But this feels like too many if-statments. And it doesn’t really sort things that well.

I want to treat each uint4 as a really big number, basically. Using this algorith, some sample output is :

for (int i = 0; i < hf.size(); ++i)
{
const uint4 x = hf[i];
std::cout << x.x << x.y << x.z << x.w << std::endl;
}
=>
1297995717402077544712960039091296003909
1871294381966247556202119643202119643 // shouldn't this value be "smaller"?
1871294381966247556202119643202119643
1896240623155948283137955853523795585352
2049656309427418867014147655021414765502
2049656309427418867014147655021414765502
2190441536208074642621427028732142702873
2443920497413065313011105256511110525651
254049324260073726413352427991335242799
3640923726229267969420487107022048710702
3774043292342266168324004503752400450375
3774043292342266168324004503752400450375

All I really need out of this algorithm is to keep like entries next to each other so I guess the order doesn’t really matter but I’m not a particularly large fan of what my comparator is doing at the moment.

default behavior of std::cout << of a uint quantity isn’t going to print leading zeros, right?

That could possibly explain your “apparently misordered” output. I’m pretty sure you can modify that with some precursor code for std::cout

I’m pretty sure this statement is redundant:

if (lhs.w == rhs.w)
{
return false;
}

and could simply be deleted with no functional change, but the compiler might already be doing that for you.

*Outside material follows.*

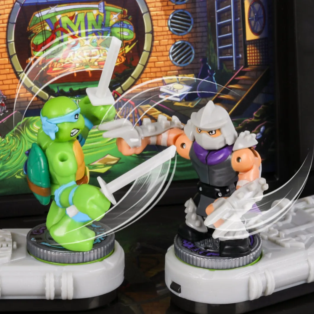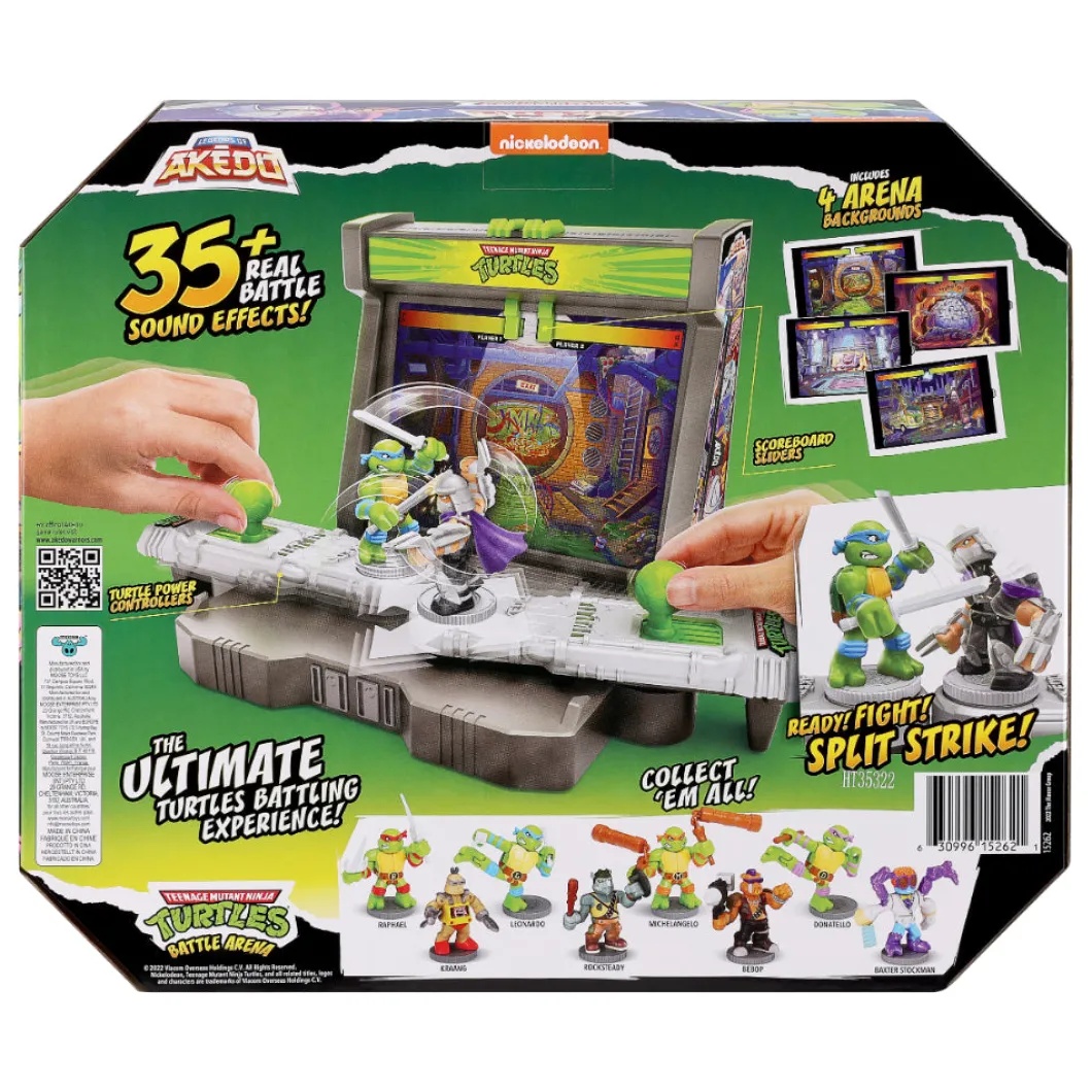 Mientras los niños se sumergen en emocionantes batallas, más de 35 efectos de sonido de batalla de las TMNT cobran vida desde la arena, agregando una capa adicional de realismo y emoción a cada enfrentamiento. Los jugadores pueden elegir entre 4 diferentes fondos de arena para dar vida a sus batallas y crear escenarios únicos para la acción.

And even if a vector type for unsigned long long is not available (not sure if it is) you could play around with recasting of the uint4 into a sequence of two unsigned long long quantities, and reduce your functor from 4 levels of testing to 2. Whether that is worth it performance-wise, I don’t know. This last suggestion will depend on a proper little-endian storage order in .x, .y, .z, .w

It is not really clear to me how you would like the uint4 variables to be ordered. Is the intention to treat each uint4 as an unsigned 128-bit integer and order accordingly? If so, the easiest way would be to perform a 128-bit integer subtraction and examine the carry-out of the result. You could use the following code for 128-bit integer addition as a starting point:

njuffa, I’ll have to look into your solution a bit later but it seems promising. I can’t believe I actually have a need for learning some assembly. This is the first time for me and it seems really, really cool.

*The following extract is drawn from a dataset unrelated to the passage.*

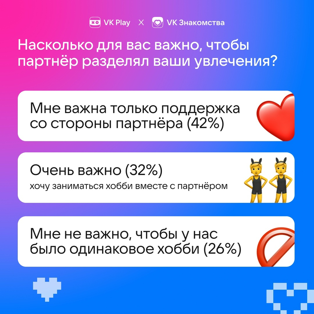 Мужчины чаще видят в играх объединяющий фактор: 41% уверены, что совместный гейминг сближает, тогда как среди женщин таких только 18%. 27% девушек опасаются, что увлечение партнёра играми может создавать напряжение, а 23% считают, что всё зависит от личных договорённостей. Для большинства важна поддержка: 42% хотят одобрения увлечения со стороны партнёра, 32% хотят заниматься хобби вместе, а 26% считают совпадение увлечений не обязательным.

One can perform a 128-bit integer subtraction at C level, but it will not be nearly as efficient as when using inline PTX since C/C++ do not have a native notion of a carry flag. You may want to give this a try:

/* .x = least significant bits, .w = most significant bits */
typedef uint4 my_uint128_t;
/* uint128_lt determines whether argument 'a' is less than argment 'b'
returns 0 if a >= b, 1 if a < b
*/
__device__ int uint128_lt (my_uint128_t a, my_uint128_t b)
{
int res;
asm (".reg .u32 tmp;\n\t"
"sub.cc.u32 tmp, %1, %5;\n\t"
"subc.cc.u32 tmp, %2, %6;\n\t"
"subc.cc.u32 tmp, %3, %7;\n\t"
"subc.cc.u32 tmp, %4, %8;\n\t"
"subc.u32 %0, 0, 0;\n\t" // capture carry out: 0 or 0xffffffff
"and.b32 %0, %0, 1;\n\t" // create clean boolean
: "=r"(res)
: "r"(a.x), "r"(a.y), "r"(a.z), "r"(a.w),
"r"(b.x), "r"(b.y), "r"(b.z), "r"(b.w));
return res;
}

If the keys are effectively uniformly distributed, the first word is enough to distinguish ordering with an exception of only 1 in 4 billion. So optimize for that case instead of doing expensive 128 bit subtractions every single time. You’ll rarely get divergence (like less than one in a billion times!) so there’s less worry about the ugly chain of tests.

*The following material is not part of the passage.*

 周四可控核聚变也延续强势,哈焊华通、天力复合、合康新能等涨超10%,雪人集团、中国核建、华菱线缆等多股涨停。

This is a cleaner way to write the comparison function. It’s about the same efficiency, but looks nicer.

__host__ __device__ bool operator()(const uint4 &lhs, const uint4 &rhs) const
{
if (lhs.x < rhs.x) return true;
if (lhs.x > rhs.x) return false;
if (lhs.y < rhs.y) return true;
if (lhs.y > rhs.y) return false;
if (lhs.z < rhs.z) return true;
if (lhs.z > rhs.z) return false;
return lhs.w<rhs.w;
}

Excellent advice. I now recall optimizing code this way back in the early x86 days when arithmetic operations had to be synthesized from 16-bit machine instructions, but apparently I had completely forgotten about this important probability aspect!

I assume by “first word” you mean “most significant word”.